Records from a data source
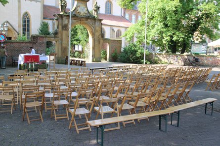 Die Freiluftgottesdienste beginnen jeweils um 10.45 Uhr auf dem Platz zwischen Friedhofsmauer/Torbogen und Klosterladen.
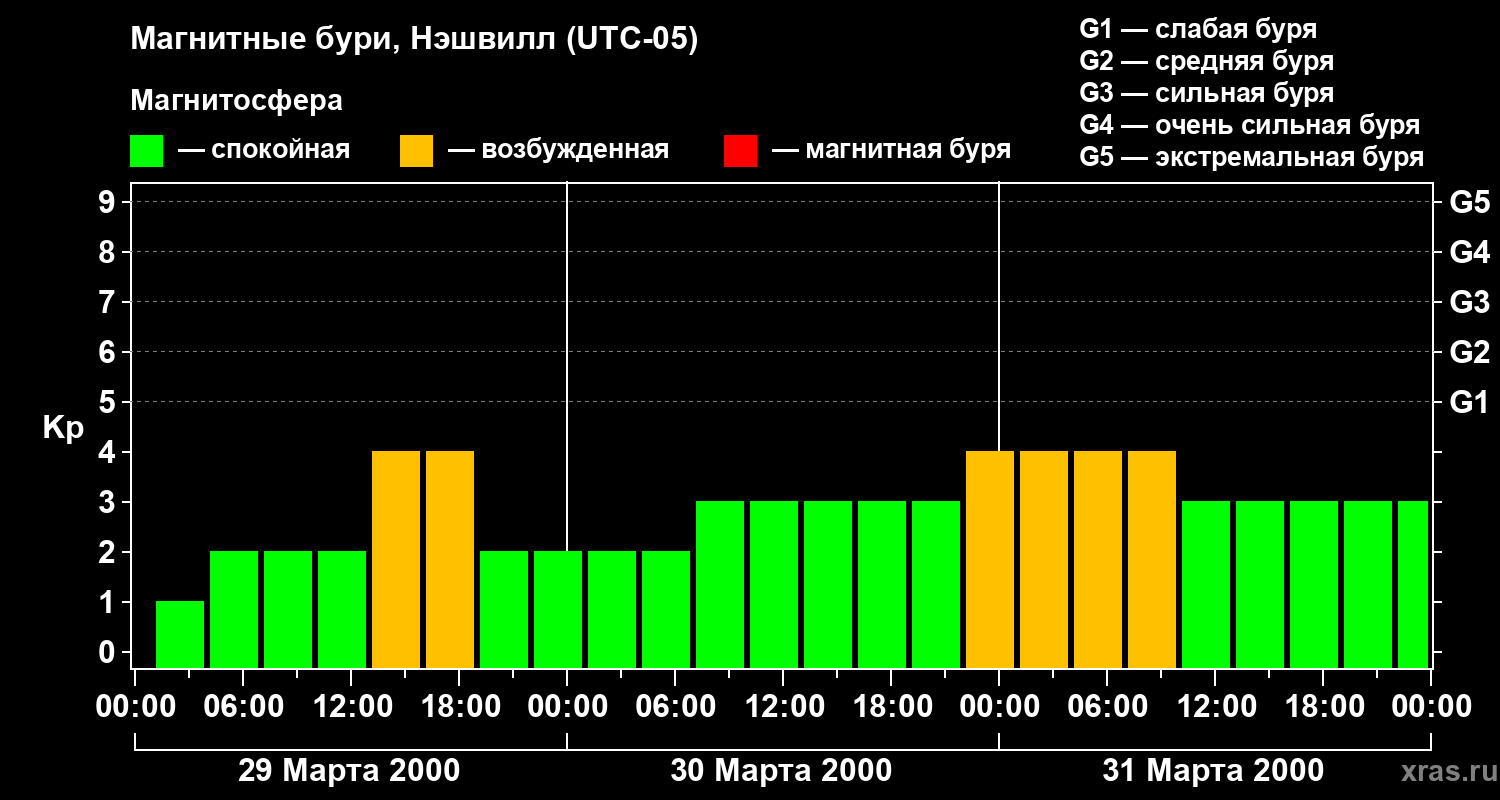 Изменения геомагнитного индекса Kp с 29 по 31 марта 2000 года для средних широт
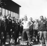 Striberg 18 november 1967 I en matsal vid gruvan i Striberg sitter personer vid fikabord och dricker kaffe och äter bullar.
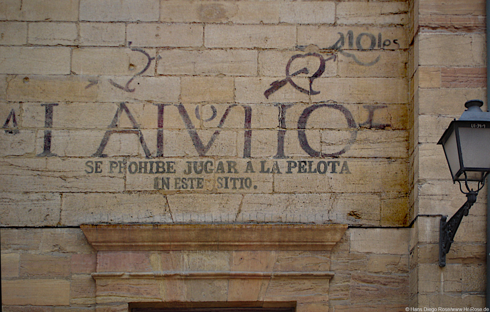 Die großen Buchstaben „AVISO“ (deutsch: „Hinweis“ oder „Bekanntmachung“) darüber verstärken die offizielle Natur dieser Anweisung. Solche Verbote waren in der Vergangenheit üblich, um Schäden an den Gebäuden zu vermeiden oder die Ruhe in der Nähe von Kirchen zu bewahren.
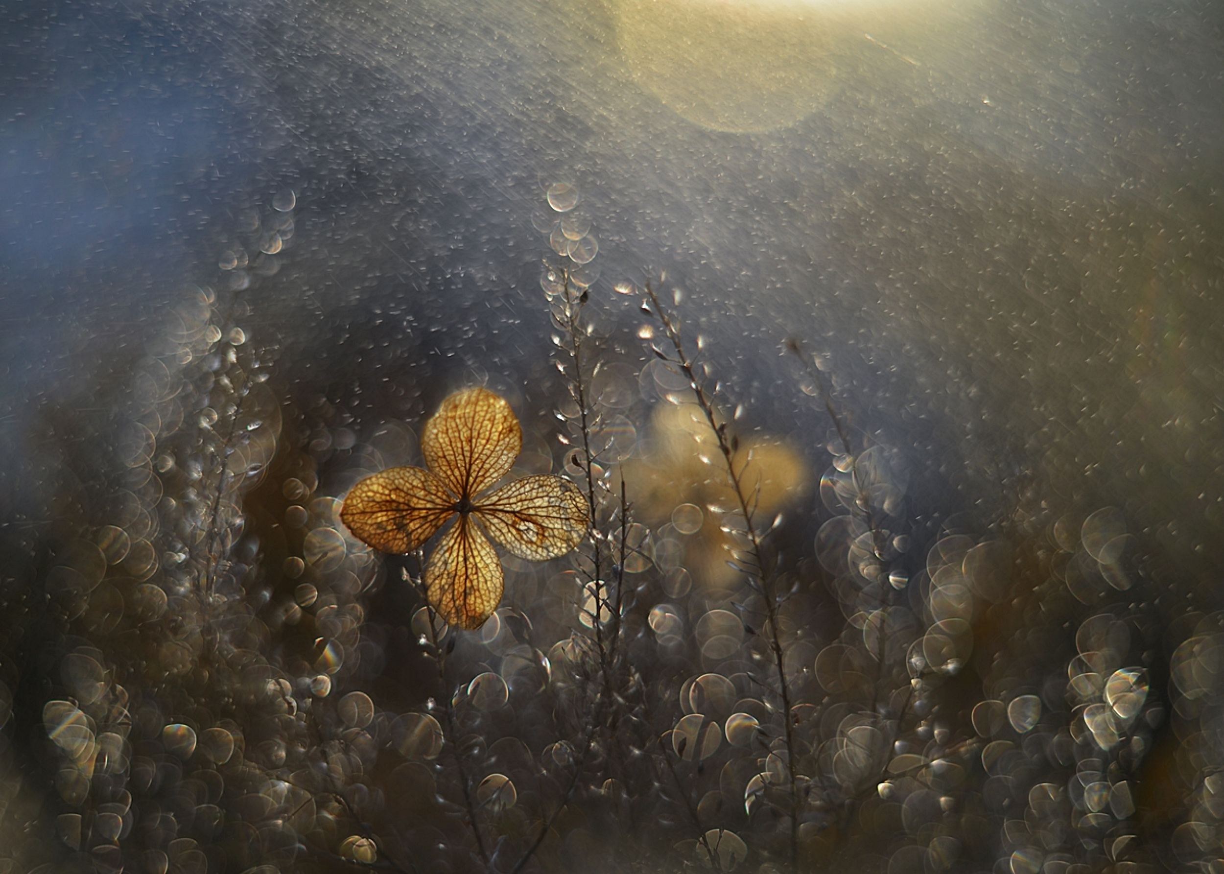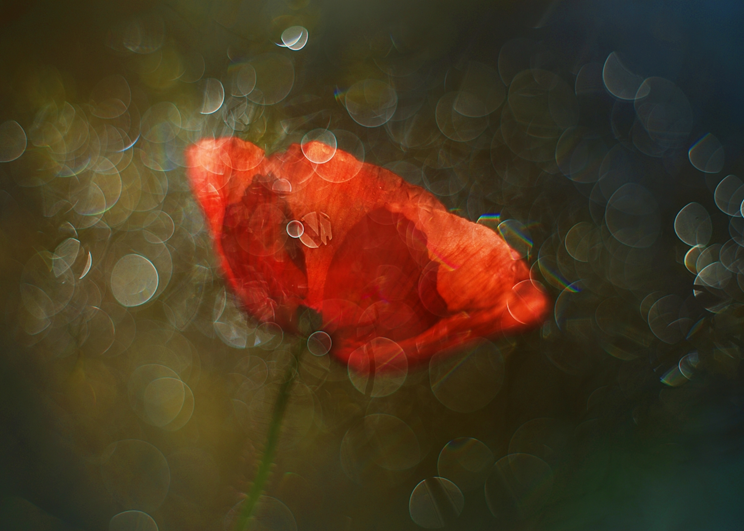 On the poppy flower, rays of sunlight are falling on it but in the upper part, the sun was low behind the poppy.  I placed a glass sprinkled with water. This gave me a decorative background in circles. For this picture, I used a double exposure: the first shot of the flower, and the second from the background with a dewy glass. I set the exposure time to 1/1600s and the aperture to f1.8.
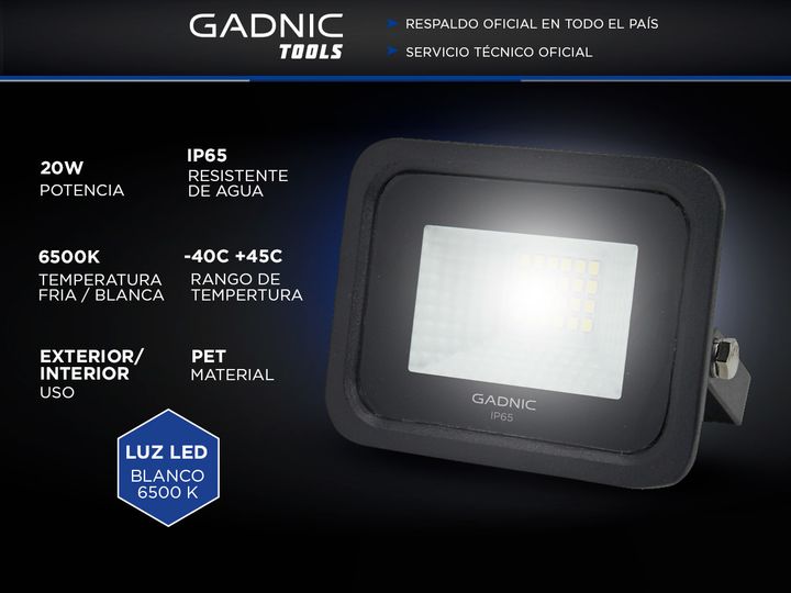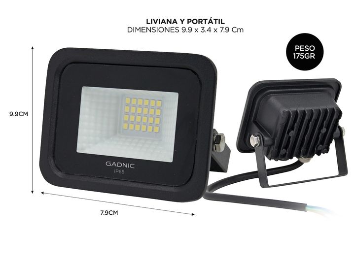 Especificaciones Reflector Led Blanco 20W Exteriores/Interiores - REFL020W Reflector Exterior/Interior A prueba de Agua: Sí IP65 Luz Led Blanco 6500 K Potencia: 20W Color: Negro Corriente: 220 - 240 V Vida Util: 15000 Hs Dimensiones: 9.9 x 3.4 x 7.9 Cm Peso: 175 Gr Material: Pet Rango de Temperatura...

• [Exercise instructions] The lines from the one containing "Изменения геомагнитного индекса" through the last line of the entries are to be copied exactly, both ends included, and the pictures are to be omitted.

• [Response box]
 Изменения геомагнитного индекса Kp с 29 по 31 марта 2000 года для средних широт
 Striberg 18 november 1967 I en matsal vid gruvan i Striberg sitter personer vid fikabord och dricker kaffe och äter bullar.
 Die großen Buchstaben „AVISO“ (deutsch: „Hinweis“ oder „Bekanntmachung“) darüber verstärken die offizielle Natur dieser Anweisung. Solche Verbote waren in der Vergangenheit üblich, um Schäden an den Gebäuden zu vermeiden oder die Ruhe in der Nähe von Kirchen zu bewahren.
 On the poppy flower, rays of sunlight are falling on it but in the upper part, the sun was low behind the poppy.  I placed a glass sprinkled with water. This gave me a decorative background in circles. For this picture, I used a double exposure: the first shot of the flower, and the second from the background with a dewy glass. I set the exposure time to 1/1600s and the aperture to f1.8.
 Especificaciones Reflector Led Blanco 20W Exteriores/Interiores - REFL020W Reflector Exterior/Interior A prueba de Agua: Sí IP65 Luz Led Blanco 6500 K Potencia: 20W Color: Negro Corriente: 220 - 240 V Vida Util: 15000 Hs Dimensiones: 9.9 x 3.4 x 7.9 Cm Peso: 175 Gr Material: Pet Rango de Temperatura...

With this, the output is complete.